→ **To do**: After locating the line with "Block diagram of", repeat it and every following line to the end of the listing, exactly. Omit the pictures.

→ **Stored data**:
______

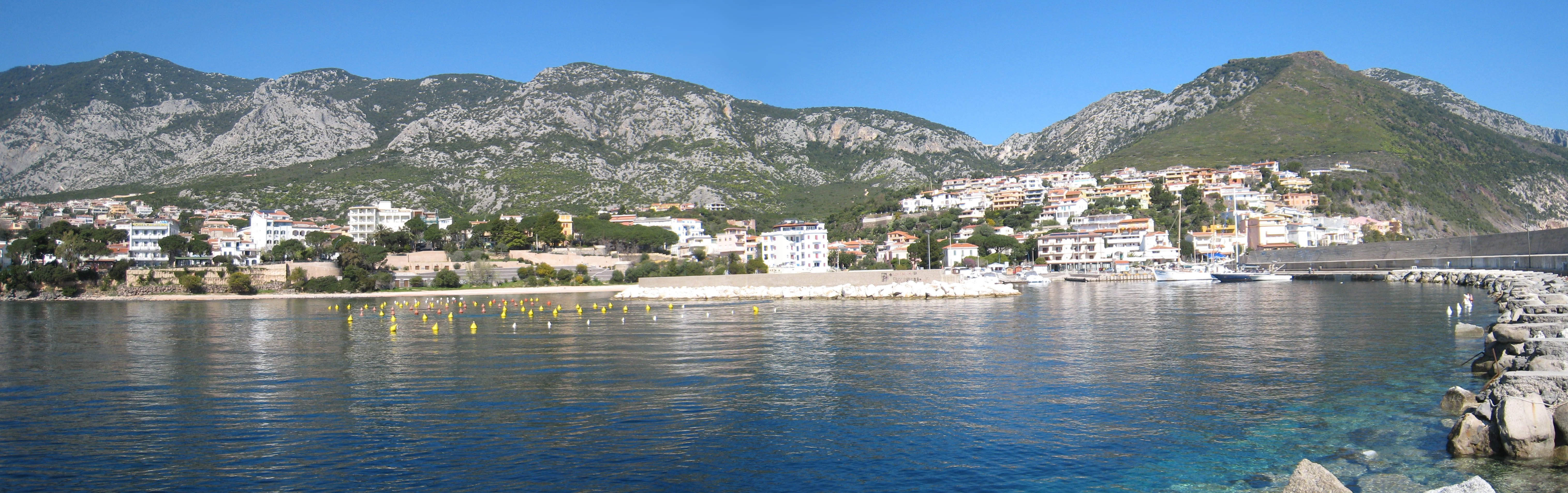 The town of Cala Gonone, seen from the pier. Composed of two shots stitched together.
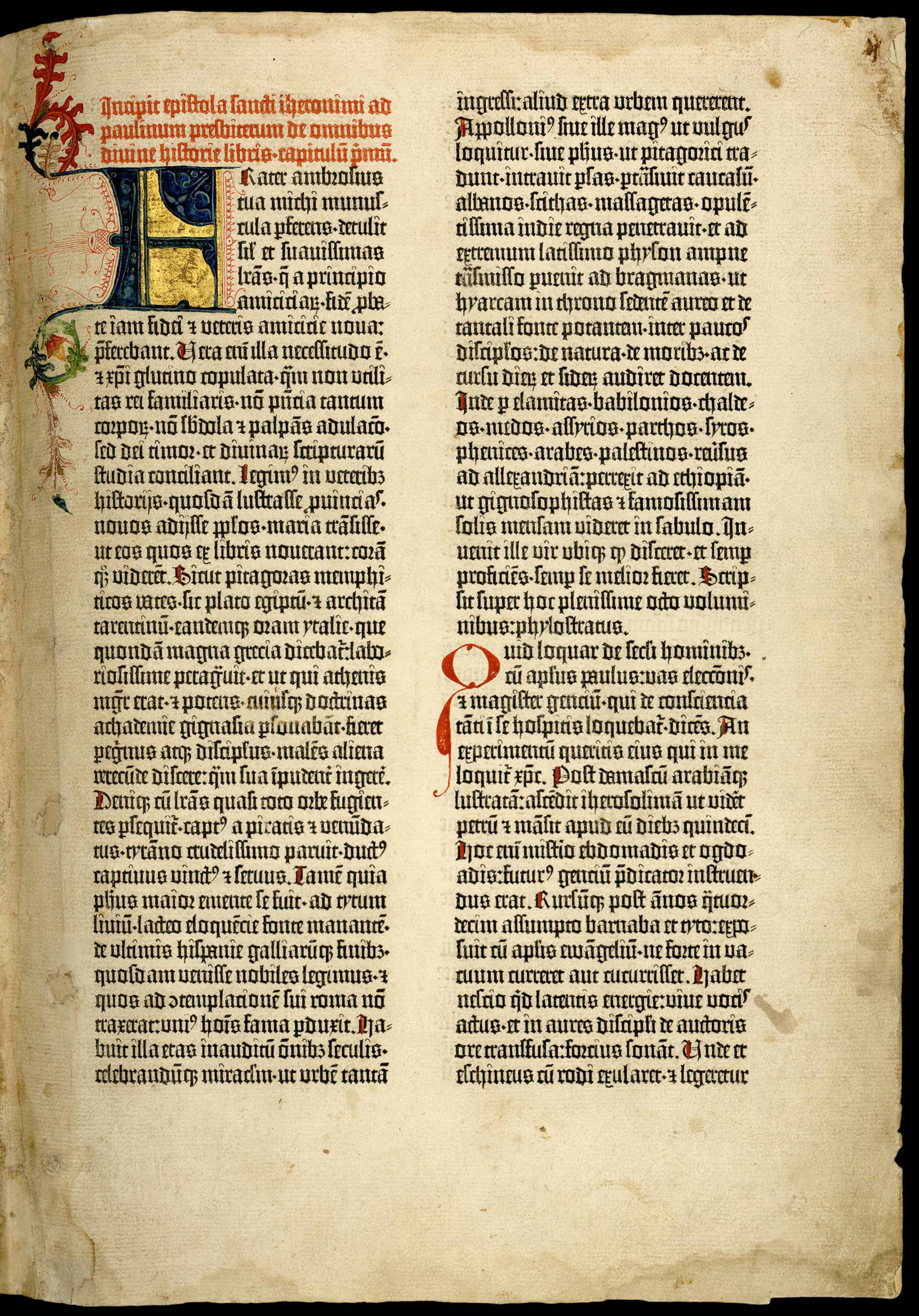 The beginning of the Gutenberg Bible: Volume 1, Old Testament, Epistle of St. Jerome to Paulinus (letter 53). (The Epistle is not a part of the Bible itself, but an introduction by St. Jerome, the translator of the Bible into Latin Vulgate, which the Gutenberg Bible is written in.) Ransom Center, University of Texas at Austin.
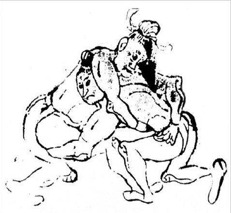 A depiction on the Dunhuang frescoes of two men wrestling.
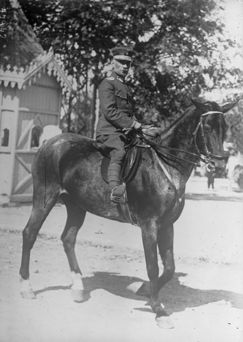 The Greek Lt. General Konstantinos Moschopoulos, in 1916
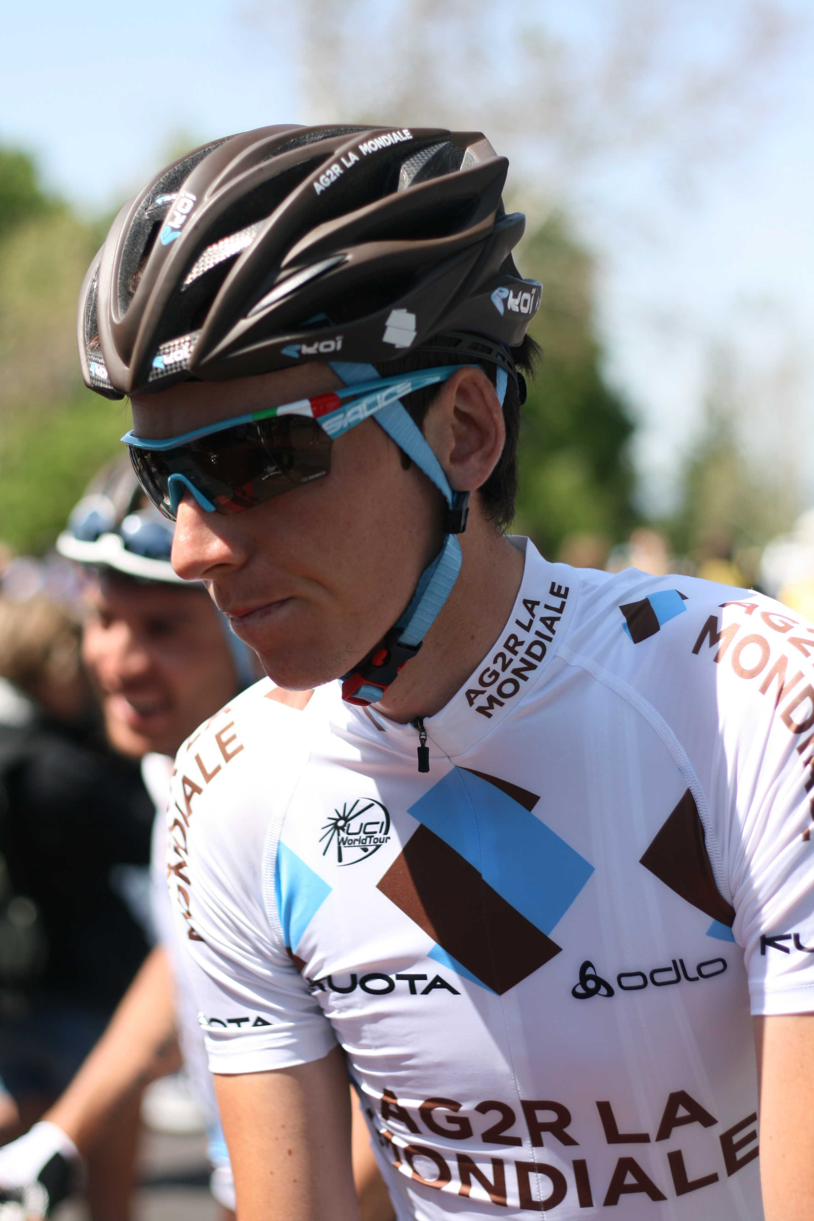 2012 Amgen Tour of California Stage 3 start, Berryessa Road, San Jose, CA
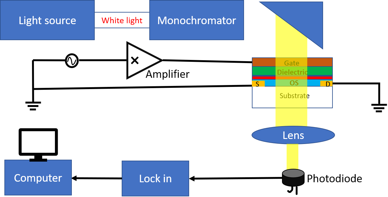 Block diagram of charge modulation spectroscopy(CMS) setup. Here the photo diode measures the transmission. A DC plus AC signal is applied to the OFET, the AC will be as the reference frequency for the Lock-in Amplifier
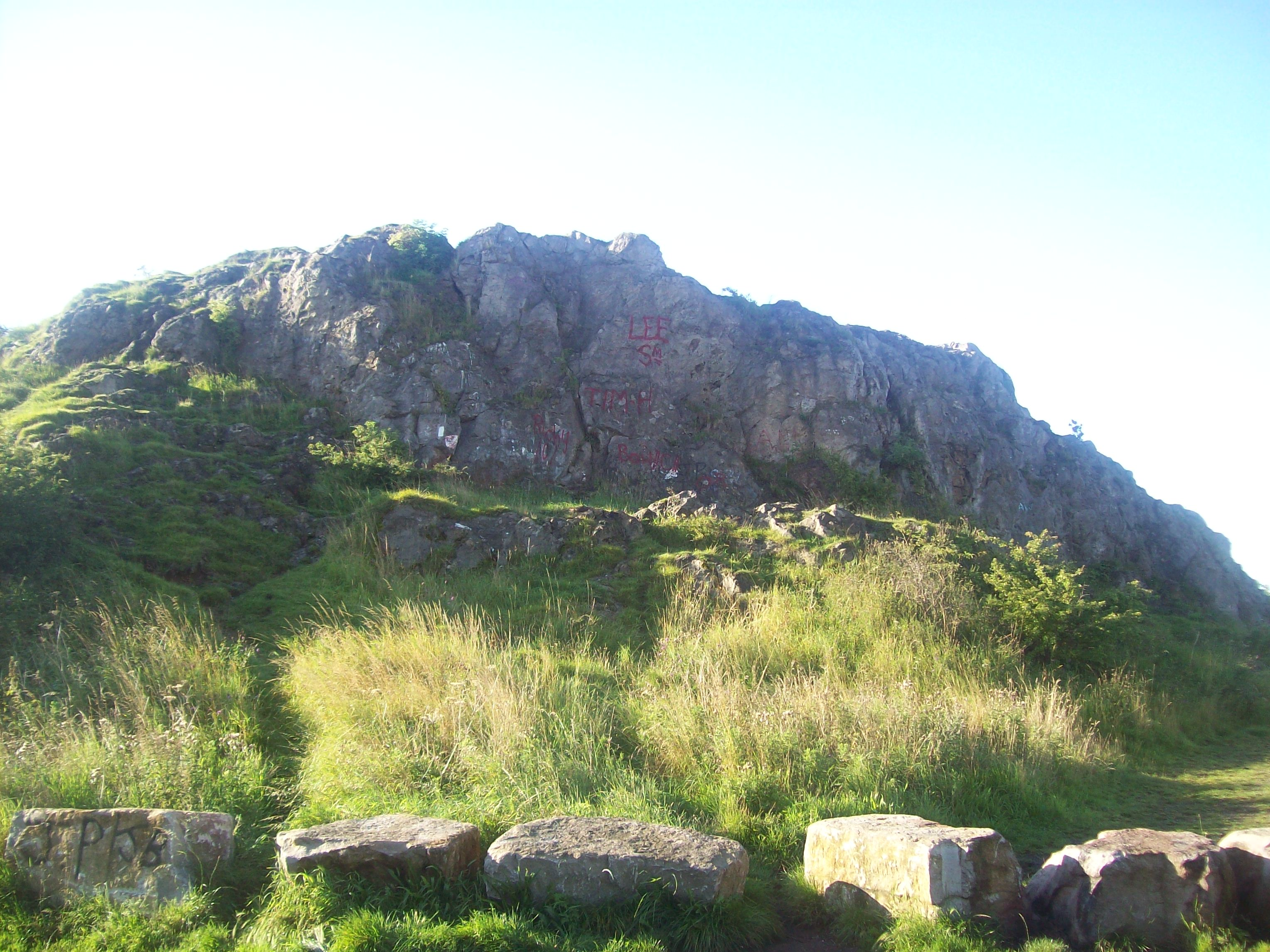 Rocky Hill, part of Tunstall Hills
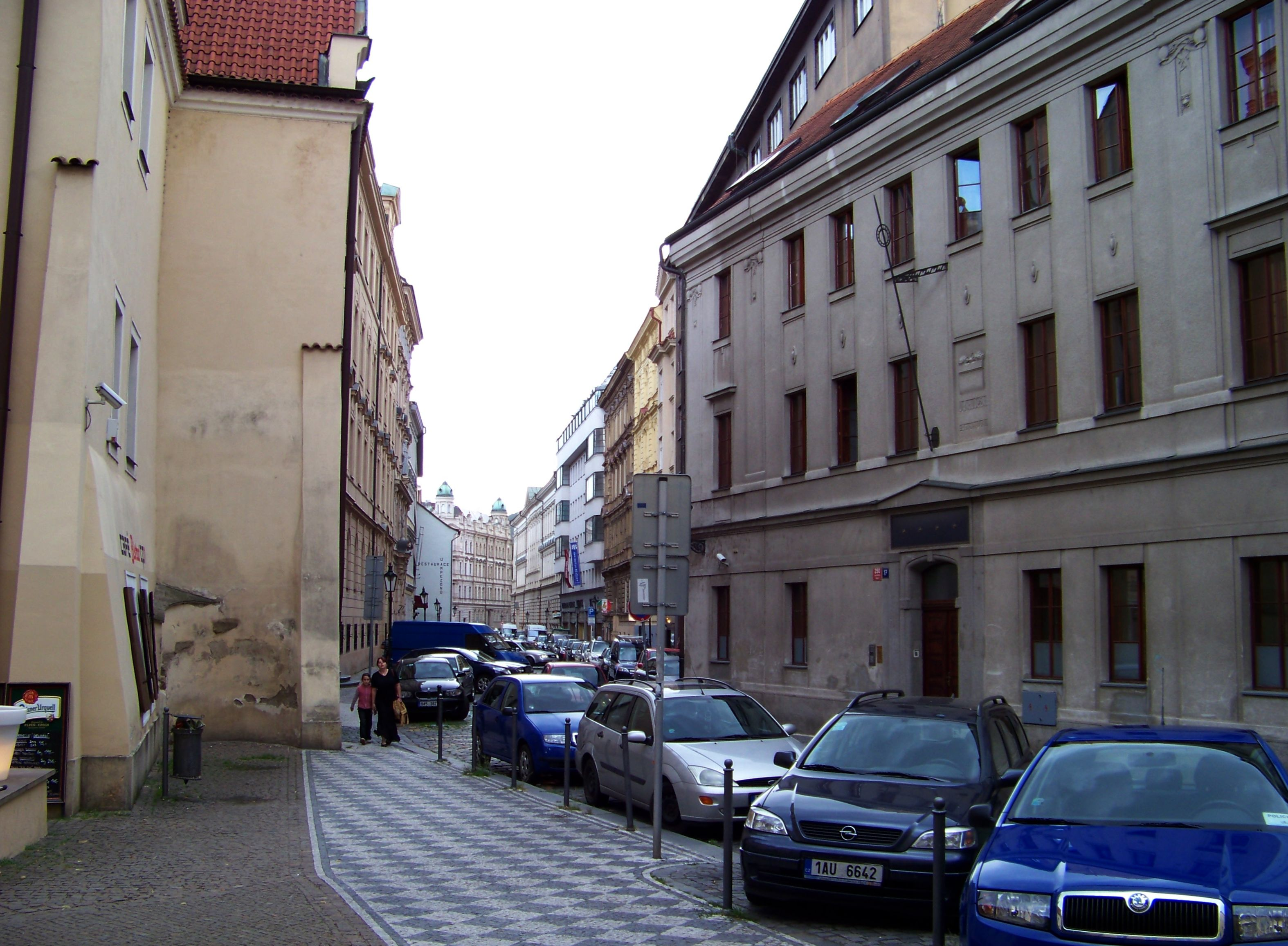 Prague-Old Town, the Czech Republic. Konviktská street.

______

→ **Result**:
 Block diagram of charge modulation spectroscopy(CMS) setup. Here the photo diode measures the transmission. A DC plus AC signal is applied to the OFET, the AC will be as the reference frequency for the Lock-in Amplifier
 Rocky Hill, part of Tunstall Hills
 Prague-Old Town, the Czech Republic. Konviktská street.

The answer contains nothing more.